::: MATERIAL TO PROCESS :::
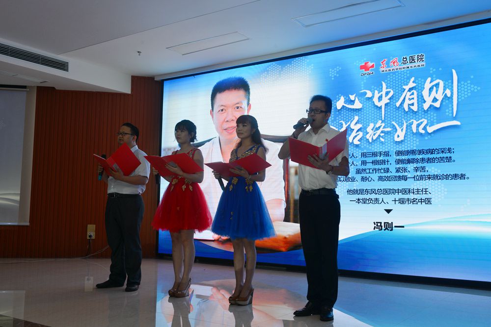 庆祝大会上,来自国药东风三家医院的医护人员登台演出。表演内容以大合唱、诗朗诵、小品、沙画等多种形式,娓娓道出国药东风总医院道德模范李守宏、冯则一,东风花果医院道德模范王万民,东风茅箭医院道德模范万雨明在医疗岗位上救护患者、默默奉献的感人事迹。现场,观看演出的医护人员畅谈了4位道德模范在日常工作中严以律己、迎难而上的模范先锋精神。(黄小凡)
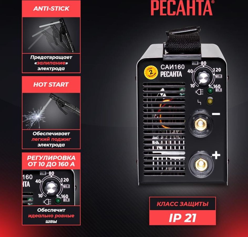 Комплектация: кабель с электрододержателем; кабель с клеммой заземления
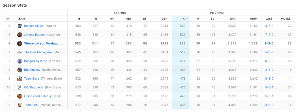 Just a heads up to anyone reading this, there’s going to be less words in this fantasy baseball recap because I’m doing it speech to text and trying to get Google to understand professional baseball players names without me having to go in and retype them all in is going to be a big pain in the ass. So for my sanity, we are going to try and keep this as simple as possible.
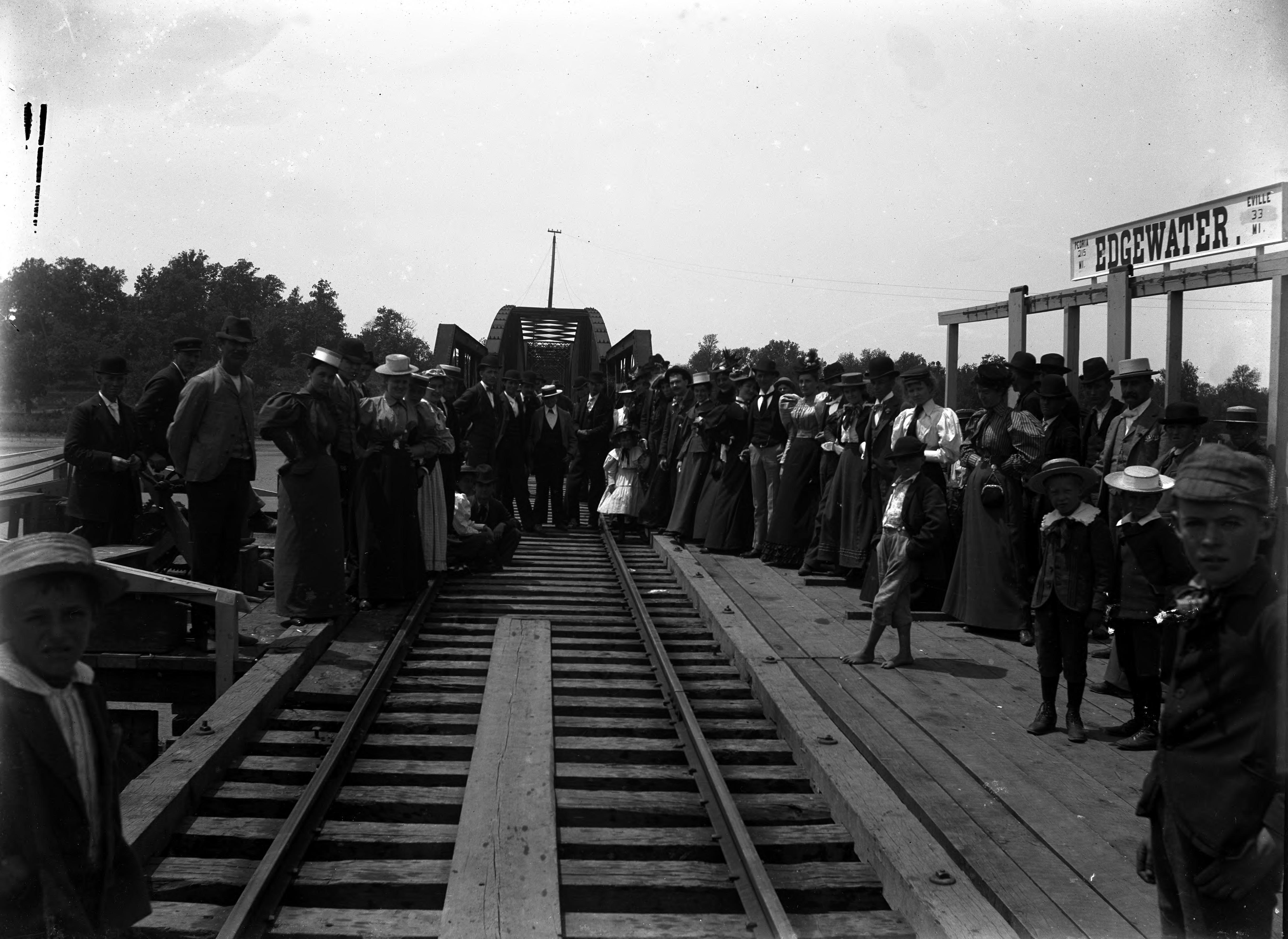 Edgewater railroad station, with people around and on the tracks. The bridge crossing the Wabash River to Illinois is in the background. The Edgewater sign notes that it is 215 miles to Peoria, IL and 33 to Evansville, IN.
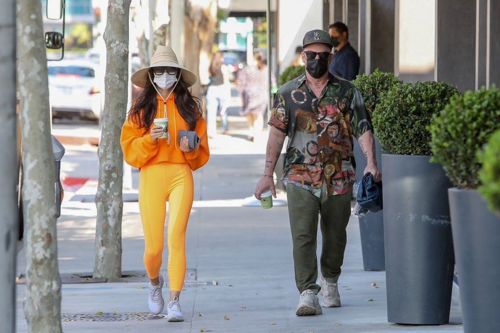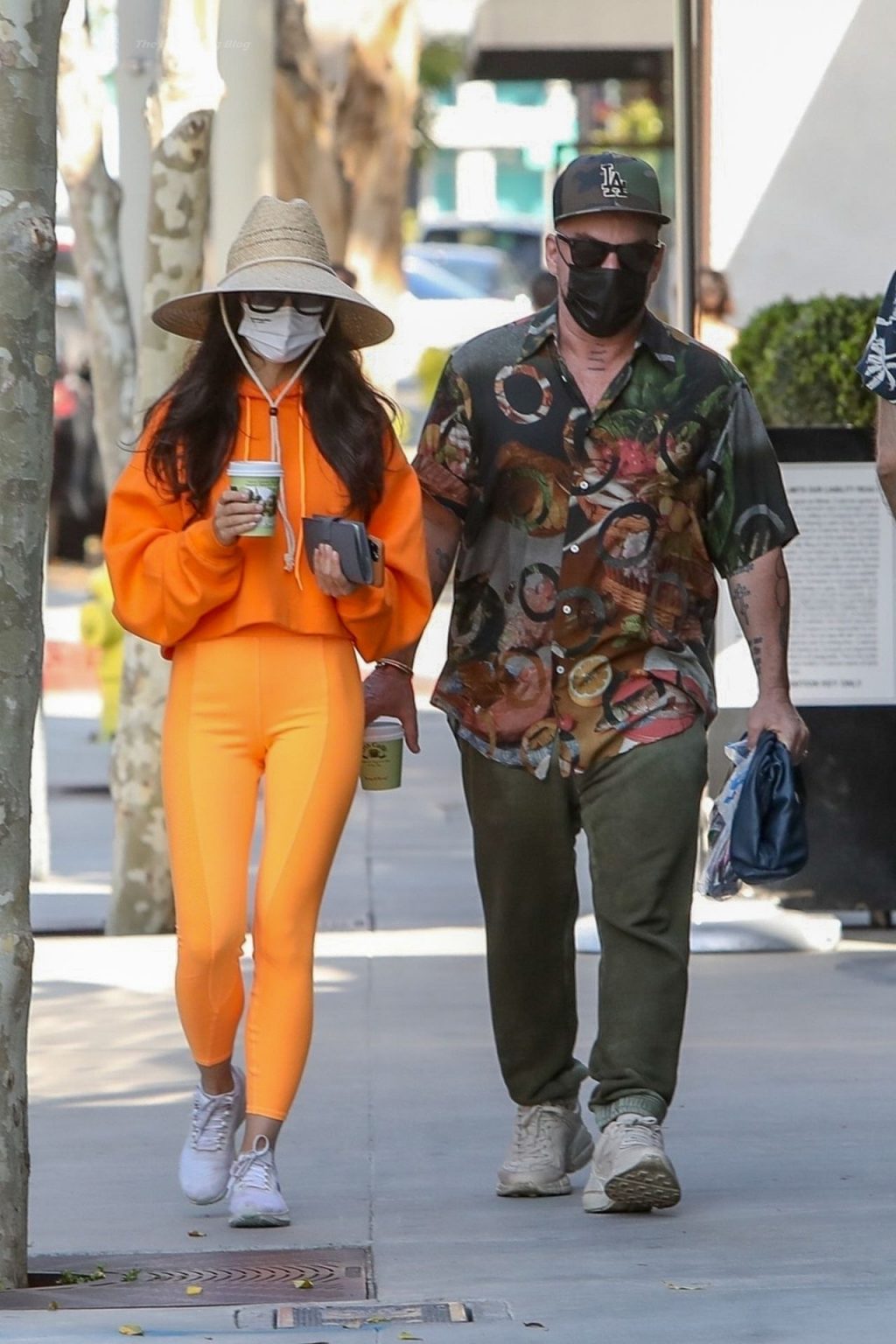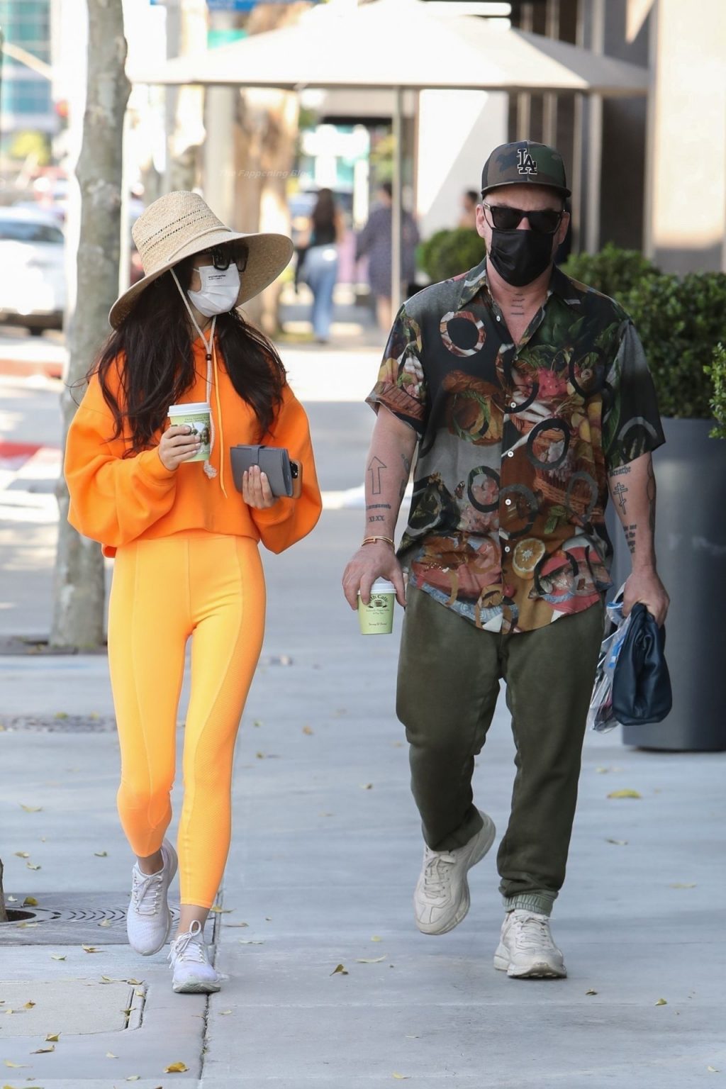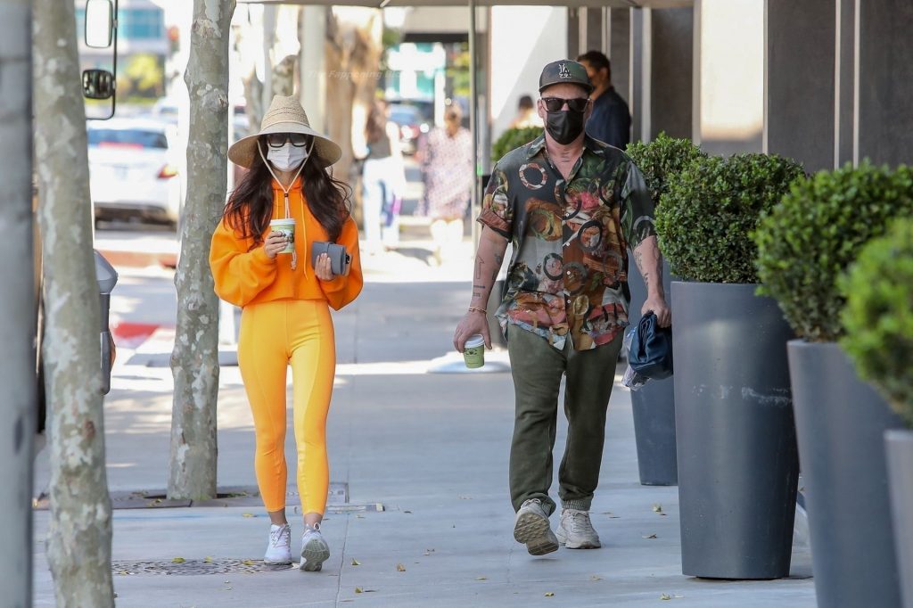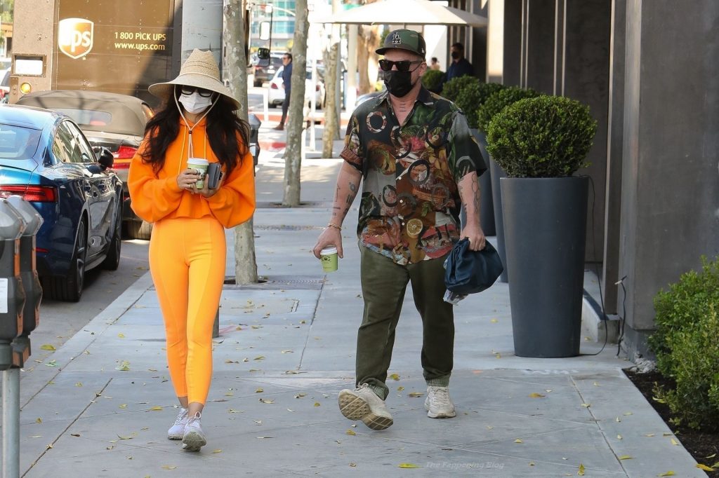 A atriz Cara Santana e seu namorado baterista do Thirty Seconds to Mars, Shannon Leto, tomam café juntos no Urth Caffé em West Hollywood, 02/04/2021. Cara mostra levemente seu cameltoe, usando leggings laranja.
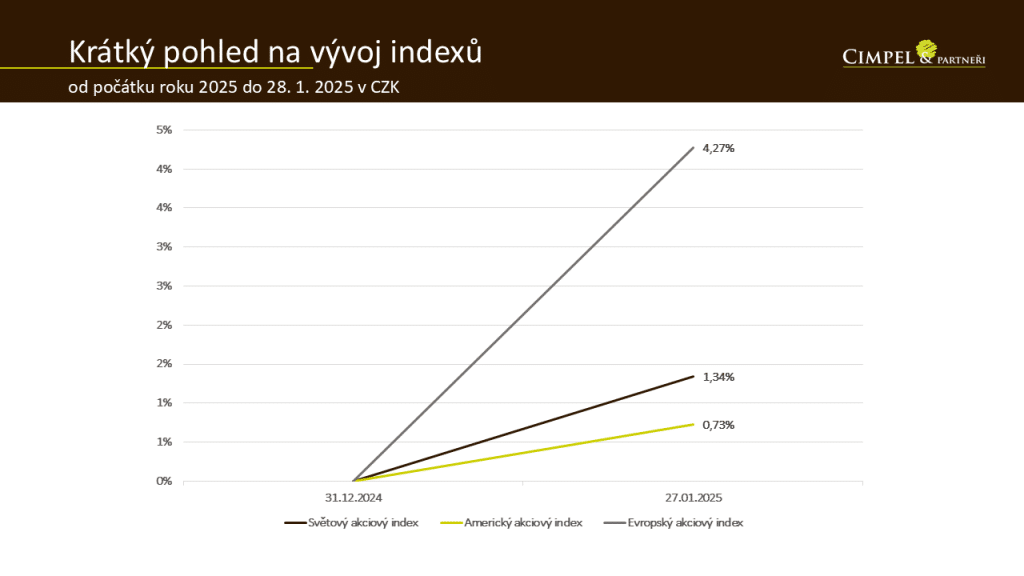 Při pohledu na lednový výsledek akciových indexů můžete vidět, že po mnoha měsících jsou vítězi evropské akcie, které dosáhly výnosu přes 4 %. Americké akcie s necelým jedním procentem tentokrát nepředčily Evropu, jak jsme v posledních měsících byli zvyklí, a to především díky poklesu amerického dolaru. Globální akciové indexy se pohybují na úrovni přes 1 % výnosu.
:::
- WHAT IS EXPECTED: Only the lines from the line with "Edgewater railroad station, with" through the end of the entries above, copied exactly and with both ends included, belong in the response; the pictures do not.

- RESPONSE TO THIS EXERCISE:
 Edgewater railroad station, with people around and on the tracks. The bridge crossing the Wabash River to Illinois is in the background. The Edgewater sign notes that it is 215 miles to Peoria, IL and 33 to Evansville, IN.
 A atriz Cara Santana e seu namorado baterista do Thirty Seconds to Mars, Shannon Leto, tomam café juntos no Urth Caffé em West Hollywood, 02/04/2021. Cara mostra levemente seu cameltoe, usando leggings laranja.
 Při pohledu na lednový výsledek akciových indexů můžete vidět, že po mnoha měsících jsou vítězi evropské akcie, které dosáhly výnosu přes 4 %. Americké akcie s necelým jedním procentem tentokrát nepředčily Evropu, jak jsme v posledních měsících byli zvyklí, a to především díky poklesu amerického dolaru. Globální akciové indexy se pohybují na úrovni přes 1 % výnosu.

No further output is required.